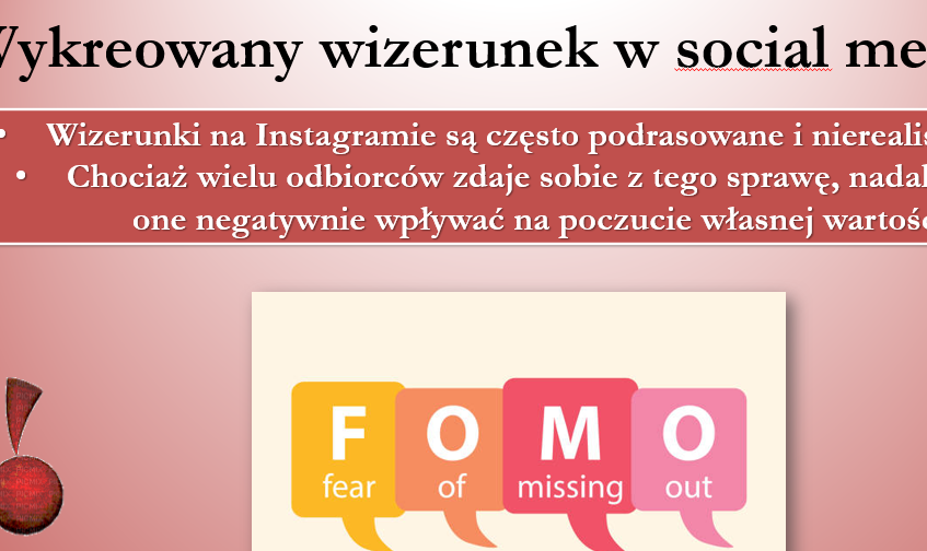 – presja wyglądu, FOMO, uzależnienie od aprobaty,
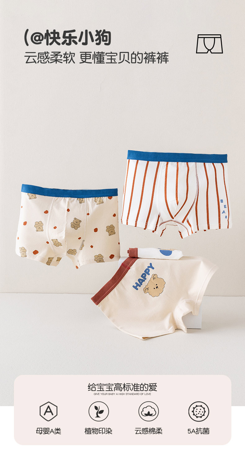 【抑菌5A级,给宝宝高标准的爱~】男童春夏纯棉内裤 儿童a类棉四角裤 宝宝夏季薄款 不夹屁屁平角短裤-QQ
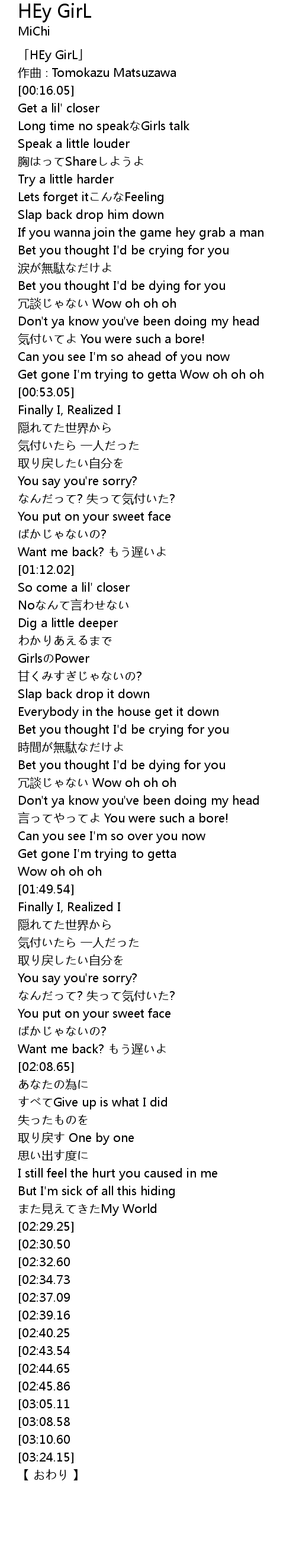 | [03:03.12][02:45.86] | Want me back? もう遅いよ |
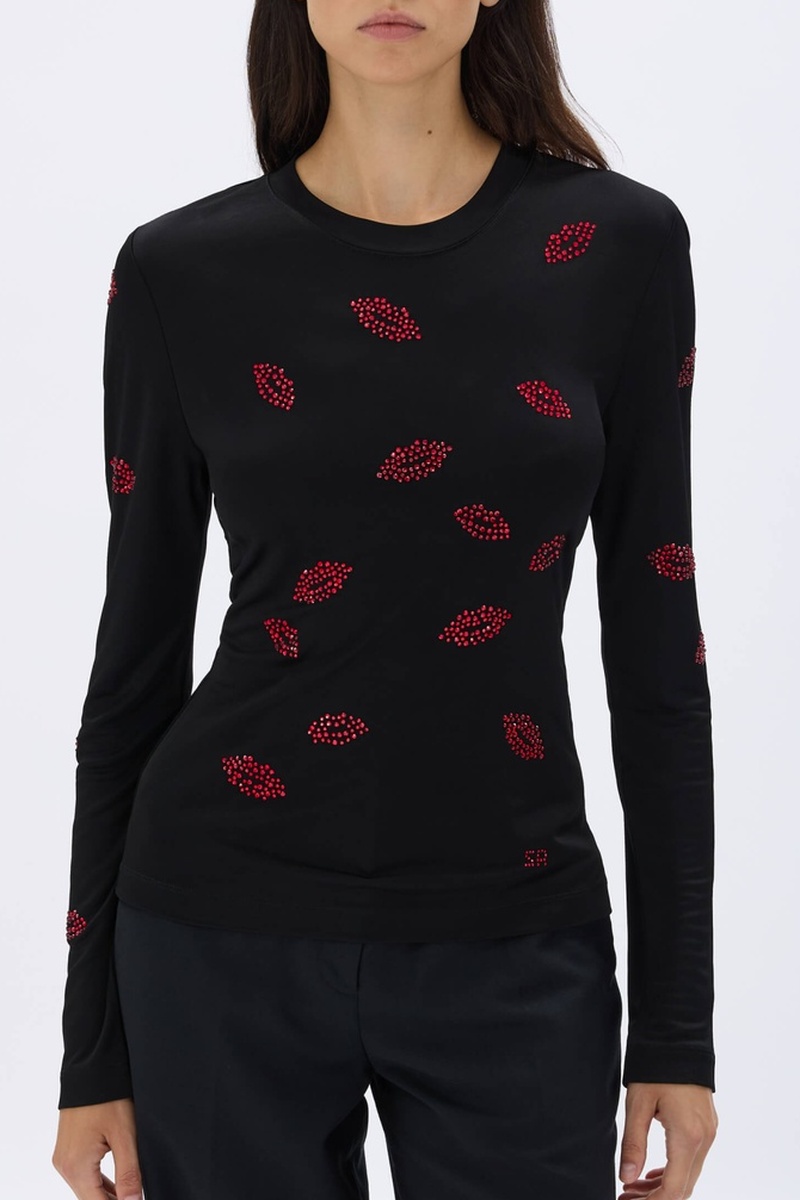 Motifs fantaisie à strass sur les manches, devant et au dos.
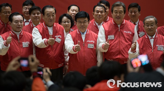 (서울=포커스뉴스) 28일 오후 서울 여의도 국회 의원회관에서 열린 새누리당 20대 총선 공천자대회에 참석한 김성동 서울 마포을 후보와 공동선대위원장이 기념촬영을 하고 있다. 오른쪽부터 강봉균, 김무성 위원장, 김 후보, 서청원, 이인제 위원장.
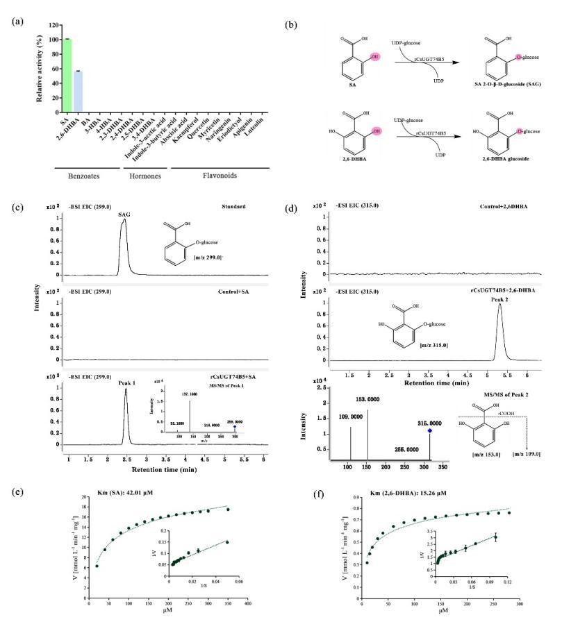 课题组研究发现茶树感染炭疽病后叶片中游离态SA含量显著积累,同时发现一条糖基转移酶CsUGT74B5的表达量显著下调。系统进化分析表明CsUGT74B5可能具有催化苯甲酸类衍生物的功能。通过体外原核表达和酶学手段,并借助蛋白晶体预测、分子对接技术,我们证明了CsUGT74B5具有催化苯甲酸衍生物邻位羟基糖苷化的功能,CsUGT74B5在体外可催化SA和2, 6-DHBA两种底物生成对应的糖苷。借助异源植物遗传转化和茶树瞬时过表达等技术,我们发现CsUGT74B5在植物体内同样可催化SA糖苷化形成SAG。在茶树瞬时过表达CsUGT74B5后,我们发现叶片中游离态SA的含量显著下降,增加了茶树对炭疽病的敏感性。
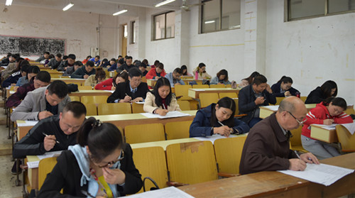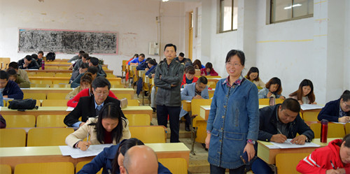 本网讯(通讯员摄影李建华)4月29日,我校辅导员思想政治工作专题培训班结业考试在教学大楼401教室和机电楼408教室有条不紊地进行。党委委员、副校长刘秋菊,副校长黄名文,党委委员、党务工作部副部长邓丽亲临现场巡考,党委宣传部和学生工作部主持考试。
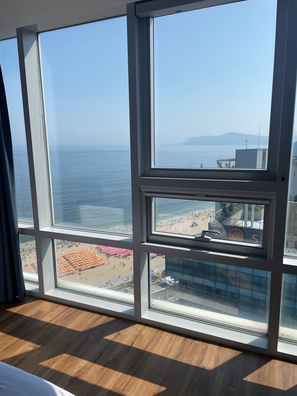 창문을 여니 이렇게 멋진 뷰가 보이네요. 하프 오션뷰라 했는데 제 눈엔 풀 오션뷰네요? 좀 사선으로 봐야 하는 감이 있지만 해운대의 시티뷰와 함께 오션뷰가 펼쳐지니 더 멋져 보여요. 저 멀리 광안대교까지 보이네요. 해운대와 광안리 오션뷰를 동시에 즐길 수 있어요. 아주 대 만족입니다.
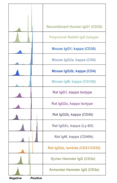 每滴微珠包含两种群体:可与小鼠、大鼠、仓鼠、兔或重组人抗体结合的阳性群体,不会与抗体结合的阴性群体。在向微珠中加入荧光染料结合抗体时,会同时观察到阳性和阴性群体。进行多色流式细胞分析实验时,这种双峰分布可用于制备单色补偿对照品,以准确设置仪器。
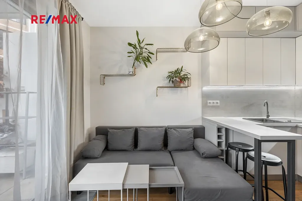 Byt je plně vybavený a připravený k okamžitému nastěhování. Součástí je kuchyňská linka se spotřebiči, vestavěné skříně na míru a dostatek úložného prostoru. Komfort bydlení doplňují masivní dřevěné podlahy, bezpečnostní vstupní dveře, elektricky ovládané předokenní žaluzie a rozkládací sedací souprava vhodná pro příležitostné přespání hostů. Díky velkým oknům je byt velmi světlý a nabízí dostatek denního světla po celý den. Z obytné části je přímý vstup na zahradu, která poskytuje ideální prostor pro relaxaci, posezení nebo opalování.
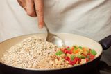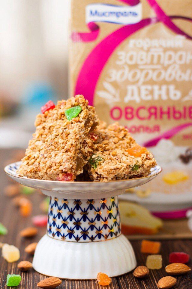 Теперь добавьте туда порубленные цукаты и орехи, а затем всыпьте хлопья геркулес.

■ ■ ■

**The problem:** Retype the lines starting with the one that holds "每滴微珠包含两种群体:可与小" and ending with the last line of the data above, both included; skip the pictures.

**Problem solution:**
 每滴微珠包含两种群体:可与小鼠、大鼠、仓鼠、兔或重组人抗体结合的阳性群体,不会与抗体结合的阴性群体。在向微珠中加入荧光染料结合抗体时,会同时观察到阳性和阴性群体。进行多色流式细胞分析实验时,这种双峰分布可用于制备单色补偿对照品,以准确设置仪器。
 Byt je plně vybavený a připravený k okamžitému nastěhování. Součástí je kuchyňská linka se spotřebiči, vestavěné skříně na míru a dostatek úložného prostoru. Komfort bydlení doplňují masivní dřevěné podlahy, bezpečnostní vstupní dveře, elektricky ovládané předokenní žaluzie a rozkládací sedací souprava vhodná pro příležitostné přespání hostů. Díky velkým oknům je byt velmi světlý a nabízí dostatek denního světla po celý den. Z obytné části je přímý vstup na zahradu, která poskytuje ideální prostor pro relaxaci, posezení nebo opalování.
 Теперь добавьте туда порубленные цукаты и орехи, а затем всыпьте хлопья геркулес.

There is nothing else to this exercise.